Roger Vandercruse Lacroix (1728–1799), often known as Roger Vandercruse, was a Parisian ébéniste whose highly refined furniture spans the rococo and the early neoclassical styles. According to Salverte, he "is counted among the great ebenistes of his generation (compta parmi les grands ebenistes de sa generation)."

Roger Vandercruse Lacroix, like many outstanding Parisian cabinetmakers since the mid-seventeenth century, was of Low Countries stock, fully acclimatized in Paris, where he was part of a network of outstanding craftsmen: he was the son of a cabinet-maker in the Faubourg Saint-Antoine, and the brother of a clock-maker; in 1749 his sister married Jean-François Oeben, the great ébéniste and mechanicien, whose workshop stock R.V.L.C.— as he stamped his pieces— finished after Oeben's death in 1763, including pieces designed for Oeben's patron, the marquise de Pompadour. His sister, Oeben's widow, then married the foreman Jean-Henri Riesener, royal cabinet-maker to Louis XVI.

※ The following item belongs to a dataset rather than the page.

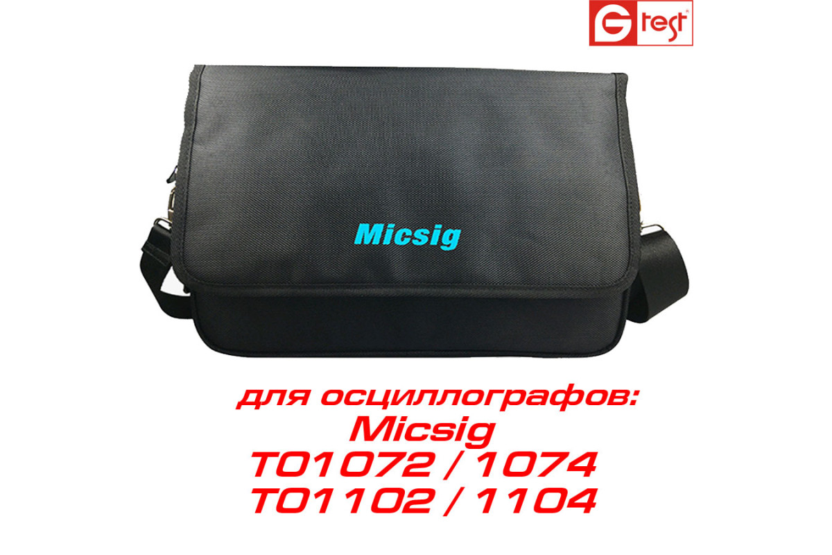 Сумка для осциллографов Micsig tBookmini TO1000. Сумка изготовлена из качественных материалов, с нанесённым лого компании, имеет карманы для зарядного устройства и пробников.

Roger Vandercruse Lacroix took over his father's workshops in 1755, when he was received maître in the cabinet-makers' guild, the Corporation des menuisiers-ébénistes; before that, however, he had already been supplying pieces to the ébéniste Pierre Migeon: between 1751 and 1759 he supplied Migeon goods worth 21,700 livres (Eriksen 1974:224).

Roger Vandercruse excelled in the production of commodes, and specialized in meubles volants, small fine pieces that could be shifted about to suit the activities of the moment, such as the lady's writing desks called bonheurs du jour and small tables.

A good deal of R.V.L.C.'s work seems to have been for Parisian marchands-merciers, who would supply him with designs and Chinese lacquer screens, to be cut up and applied in lieu of marquetry panels. For such decorator-dealers as Simon-Philippe Poirier he provided furniture mounted with Sèvres porcelain plaques, a luxury decor that Poirier had invented. A mechanical table with a nest of drawers that rise from the top on release of a spring
bears R.V.L.C.'s stamp and Poirier's name written in a drawer. R.V.L.C. often used marquetry designs and gilt-bronze mounts very similar to those used by his brother-in-law Oeben (Eriksen 1974:224)

He even habitually supplied work that was delivered by the ageing ébéniste du Roi Gilles Joubert: the R.V.L.C. stamp appears on a commode in conservative neoclassical taste, with pictorial marquetry of vases and trophies of the arts, that was delivered in 1769 by Joubert for Madame Victoire at Château de Compiègne, on a commode for the comtesse de Provence at Fontainbleau in 1771, and on one of a pair of commodes delivered by Joubert for the Salon de Compagnie of Mme du Barry there in 1772

R.V.L.C. held several important positions in the Parisian cabinet-makers' guild, the Corporation des menuisiers-ébénistes, before retiring from business at the disruption of his clientele by the French Revolution and died in 1799.

Pieces by R.V.L.C. figure in all the national collections of decorative arts, and qusi-national ones like that at Waddesdon Manor, or the Musée Nissim de Camondo, Paris, and in numerous private collections.